2 Energy, Ecosystems and Nutrient Cycles Flashcards
Define ecosystem.
An ecosystem includes all the organisms living in a particular area and all the abiotic conditions.
How do plants synthesise organic compounds?
In all ecosystems there are producers- organisms that make their own food.
During photosynthesis plants use energy and CO2 (from the atmosphere in land based ecosystems, or dissolved in water in aquatic systems) to make glucose and other sugars.
What happens to sugars produced during photosynthesis?
Some of sugars produced used in respiration, to release energy for growth. Rest of glucose used to make other biological molecules such as cellulose. These biological molecules make up plants biomass. Biomass can also be thought as the chemical energy stored in plant.
How is energy transferred through living organisms of an ecosystem?
When organisms eat other organisms, eg. Producers eaten by organisms called primary consumers. Primary consumers eaten by secondary consumers, secondary consumers consumers eaten by tertiary consumers. This is a food chain.
What is biomass?
Biomass can be measured in terms of mass of carbon that an organism contains or the dry mass of its tissue per unit area per unit time
How is biomass measured?
- dry mass is mass of organism with water removed.
- to measure dry mass, sample of organism is dried, often in an oven set to low temp.
- sample weighed at regular intervals. Once mass becomes constant you know all water has been removed
- results from sample can be scaled up to give dry mass of total population or are being investigated
- mass of carbon present is generally taken to be 50% of the dry mass
- biomass changes overtime so typical units for biomass might be kg/m^2/yr
How can the chemical energy store in dry biomass can be estimated using calorimetry?

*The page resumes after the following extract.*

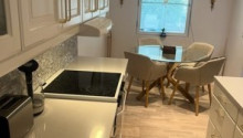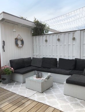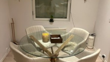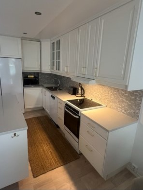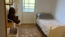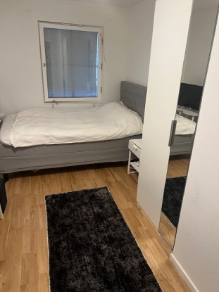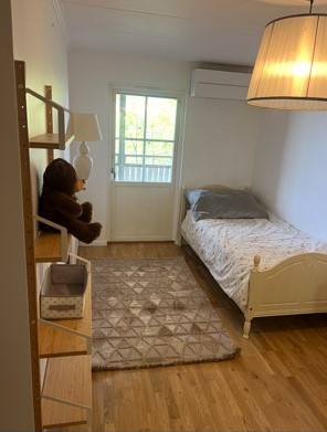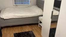 Radhus i Huddinge om 97 kvm med tre sovrum, två badrum och tomt med altan samt garage. uthyres möblerad endast till företag.

- sample of dry biomass burnt and energy released is used to heat a known volume of water.
- change in temperature of water used to calculate to chemical energy of the dry biomass.
What is gross primary production (GPP) ?
The chemical energy store in plant biomass, in a given area or volume.
What is net primary production (NPP)?
The chemical energy store in plant biomass after respiratory losses to the environment have been taken into account.
NPP = GPP - R
R represents respiratory losses to the environment.
NPP available for plant growth and reproduction. It’s also available to other trophies levels in the ecosystem, such as herbivores and decomposers.
What’s the formula for net production for consumers?
N = I - (F+R)
I represents chemical energy store in ingested food
F represents chemical energy lost to the environment in faeces and urine.
R represents respiratory losses to the environment
Net production for consumers.
- consumers store chemical energy in their biomass
- consumer get energy from investing plant material or animals that have eaten plant material
- not all chemical energy stored in consumers’ food is eaten so energy it contains is not taken in. Then, of the parts that are ingested: some are indigestible, so are egested as faeces. Some energy is also lost to the environment through respiration or excretion of urine.
- the energy’s that left after all this is stored in the consumers’ biomass and is available to the next trophies level. This energy is the consumers net production.
What is primary and secondary productivity?
the rate of primary or secondary production, respectively. It is measured as biomass in a given area in a given time eg kJ/ha/year–1.
What are food chains?
Show how energy is transferred through an ecosystem and show simple lines of energy transfer. Each of stages in a food chain called a trophic level.
What are food webs?
Show how energy is transferred through an ecosystem and show lots of food chains in an ecosystem and how they overlap. Decomposers are also part of food webs, they break down dead or undigested material, allowing nutrients to be recycled.
How can farmers reduce pest numbers using chemical pesticides and so reduce energy losses to non-human food chains?
- insecticides kill insect pests that eat + damage crops. Killing insect pests means less biomass lost from lost from crops, so they grow to be larger, means productivity is greater
- herbicides kill weeds. Killing weeds can remove direct competition with the crop for energy from sun. Can also remove preferred habitat or food source of insect pests, helping to further reduce their numbers and simplify the food web.